Cornell, sporting one of rock's most distinctive voices, comes to the tour as a solo artist once again, having split with Tom Morello and Audioslave in early 2007. Cornell released his second solo record, "Carry On," last year, and a new one with producer Timbaland, of all people, is due in September.
"For me it's kind of ideal," Cornell says of this tour, "because being a solo artist after all this time and having two bands, three bands really that I released records with, as well as a lot of solo material, it's a lot of diversity. And I noticed in the last year playing festivals worked really well for me because I can mix it up and do some of the heavier rock that I've ever written, as well as turn around and do songs where I'm just singing and playing acoustic guitar."

Shinoda recalls that he had always been more of a hip-hopper than a rocker, but that when he was a teenager his friend Mark Wakefield (originally in Linkin Park) turned him onto Soundgarden and the Seattle scene.

"I remember getting 'Badmotorfinger.' I really was not listening to almost any rock at that point, but albums like that were so universal and had such a great sound -- those were the exceptions to the rule for me. It's really enjoyable for me to see him put all these songs together with a band that's capable of representing all the different types of sounds that he's made over the years, whether it's a Soundgarden song, or an Audioslave song or a solo song. It's almost like a greatest hits set."

The Bravery, a band from New York City with a New Wave edge, released its second album, "The Sun and the Moon," in March 2007, then re-visited the project earlier this year with "The Sun and the Moon Complete," a two-disc re-do with a darker, more electronic tone.

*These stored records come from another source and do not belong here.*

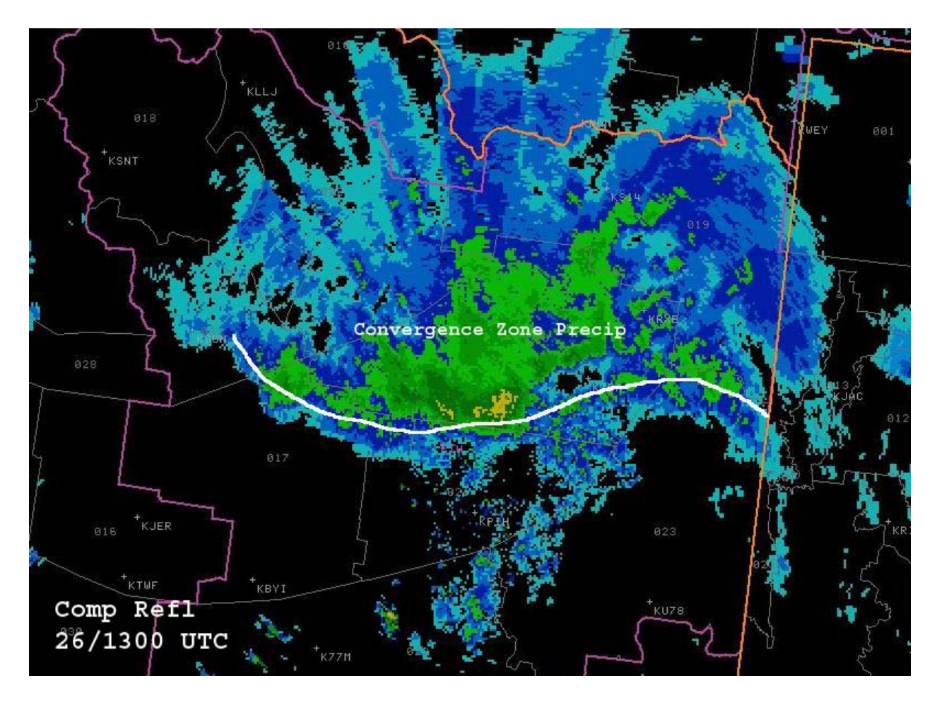
Figure 2. 13 UTC 26 November 2005 Composite Reflectivity
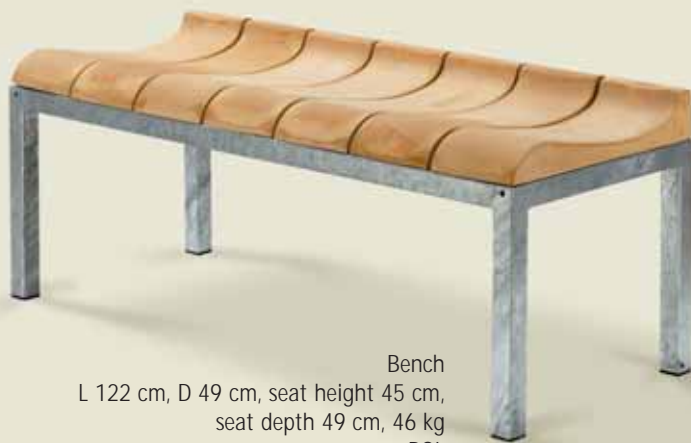
Bench L 122 cm, D 49 cm, seat height 45 cm, seat depth 49 cm, 46 kg BOL
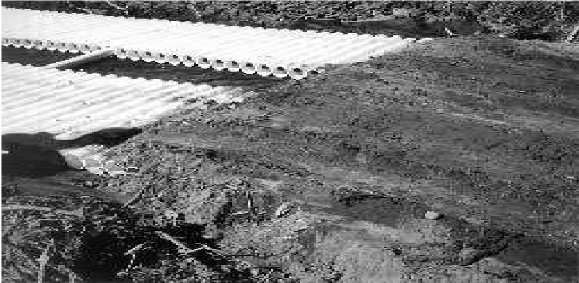
Figure 5. Transition Mats [7]

The usage of plastic waste in construction of roads came into existence in the year 1911 in Michigan State. During first world war they used the PVC pipes in form of transition mats for the transportation of war equipment's from one part to another part. The "Transition mats" consists of successively large pipes which ease the transition of tires from the approach onto plastic roads. Making the primary 2-inch pipe within the mat to support wheel a lot of schedule 80 will increase mat durability. The transmission mats increase the environmental sensitivity by eliminating the necessity for ramping up to plastic road with soil, that typically must be borrowed from somewhere. The use of transition mats reduces the forces enforced on the plastic roads when the tire rolls on it. The longitudinal forces tend to expel the plastic road in the direction that the vehicle moves leading to the gaining of set of soil. Absence of this set will lead to the soil aerating and increased rutting as the plastic road slides and point loads from individual pipe vary in location of soil.
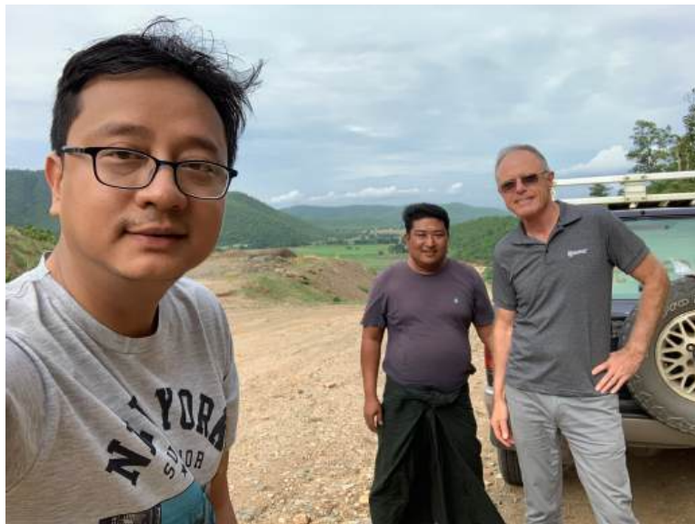
On the road to Sagaing

Team leader of a review of the Department for Rural Development's Mya Sein Yaung or Evergreen Village Development Programme (micro-finance) operating in over 11,000 villages across Myanmar. Qualitative focus. Field work included visits to sixteen randomly selected village units across four randomly selected Townships: Zigon (Bago Region); Katha (Sagaing Region); Tangyan (Shan North State); and Loikaw (Kayah State).
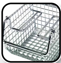
Shown with optional Side Stacking Ledge Pair (Sold separately)
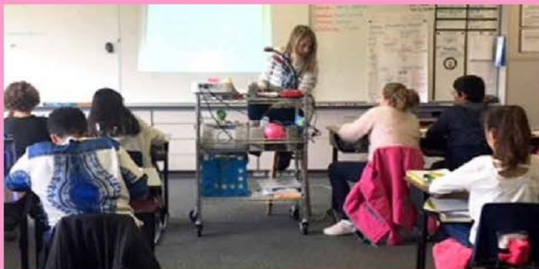
Districtwide Video Projection & Voice Enhancement Program
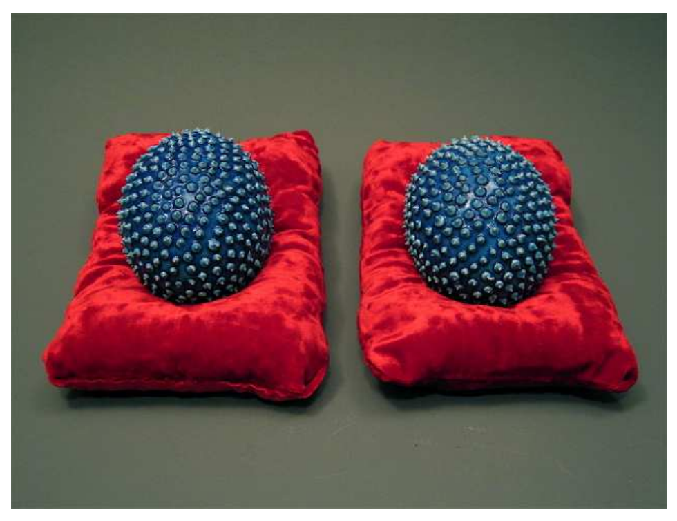
"If Hands Could Talk"
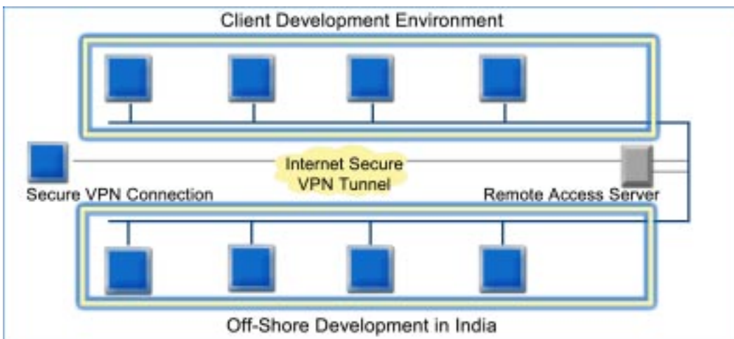
Virtual Team Model
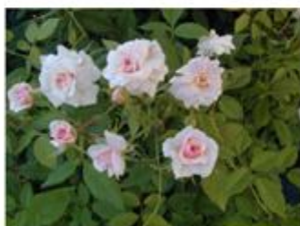
Cecile Brunner * Bloom color- Light Pink Bloom Type - Semi-Double Blooming Period-Repeat Bloom - Spring - Frost Mature H x W 3 x 5' Rose Category - Polyantha Also known as "The Sweetheart Rose"
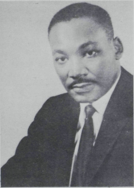
MARTIN LUTHER KING Slain in Memphis
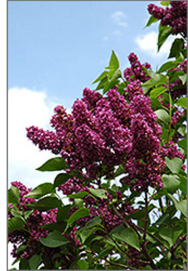
Charles Joly Lilac flowers

Charles Joly Lilac is a multi-stemmed deciduous shrub with an upright spreading habit of growth. Its relatively coarse texture can be used to stand it apart from other landscape plants with finer foliage.
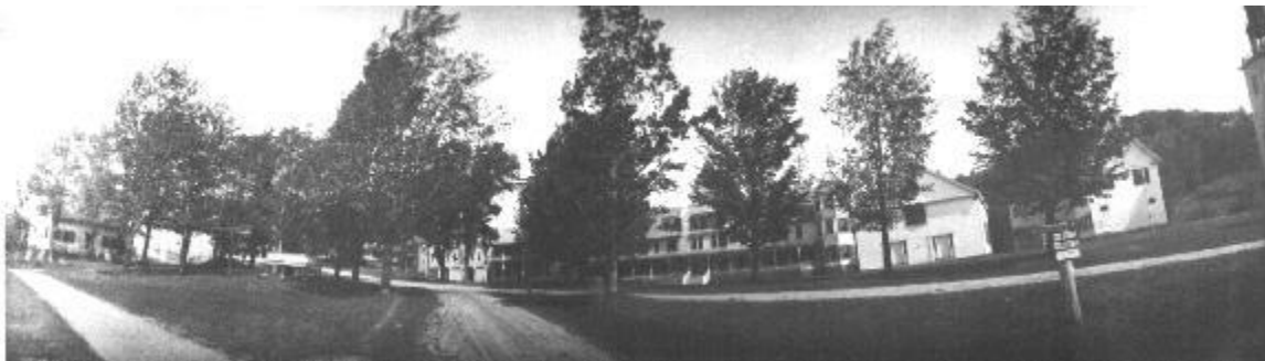
A "bird's eye" view of the Washington Center of yesteryear

The Schoolhouse was open on Saturday from 1-3 during the months of July and August. There were 55 who signed the guest book, though several others visited without signing. The building was opened several times by request. It is rare to see a 150-year-old antiquity in such pristine condition. For those of you who have not visited this historic place, please plan to do so next year.
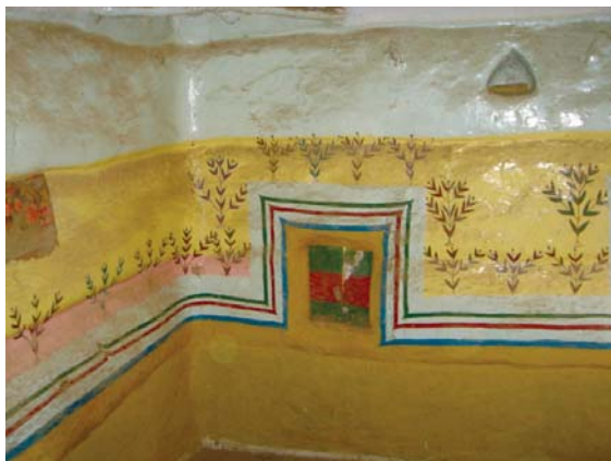
2. House in Blad Qahtan.

Black Paint: The woman pounds some alfalfa grass and then squeezes and strains it. A candle or kerosene lamp is then lit and a plate or similar receptacle is placed in the flame to gather soot, which is then added to the alfalfa grass to turn it black. This method is in addition to the use of black tar ( qutran ), extracted from al-Athel tree which is burnt whilst green to produce a dripping oil.

"We just put out the 'Moon' half of 'The Sun and the Moon,' " Endicott says, "and so we're going to start putting in these new versions, kind of like remixed versions of the songs. So we'll start busting out a bunch of those on this tour. It's awesome, it's a wide range of stuff that we have now, from very rock, to very disco-y and then even some more like acoustic, like mellower stuff."

Linkin Park is also between albums, having released "Minutes to Midnight," a slight departure from its more bombastic nu-metal sound, in May 2007. What can fans expect from the headliners?

"As far as the Linkin Park set goes," Shinoda says, "we've been trying to build in as much wiggle room for improvisation and kind of screwing around with existing songs, as much of that as possible, and we'll continue to do so. We haven't actually figured out what the set for the summer is going to be. But I feel pretty confident saying that we'll be working more towards that end."

Whatever it ends up being, Shinoda knows it has to rock pretty hard, coming seven or eight hours after the first band.

"It's a little trickier for the people who play later, because now all the fans have been there since 11 o'clock, they're tired and we have to work extra hard to get them into the set and keep them excited, which we are happy to do."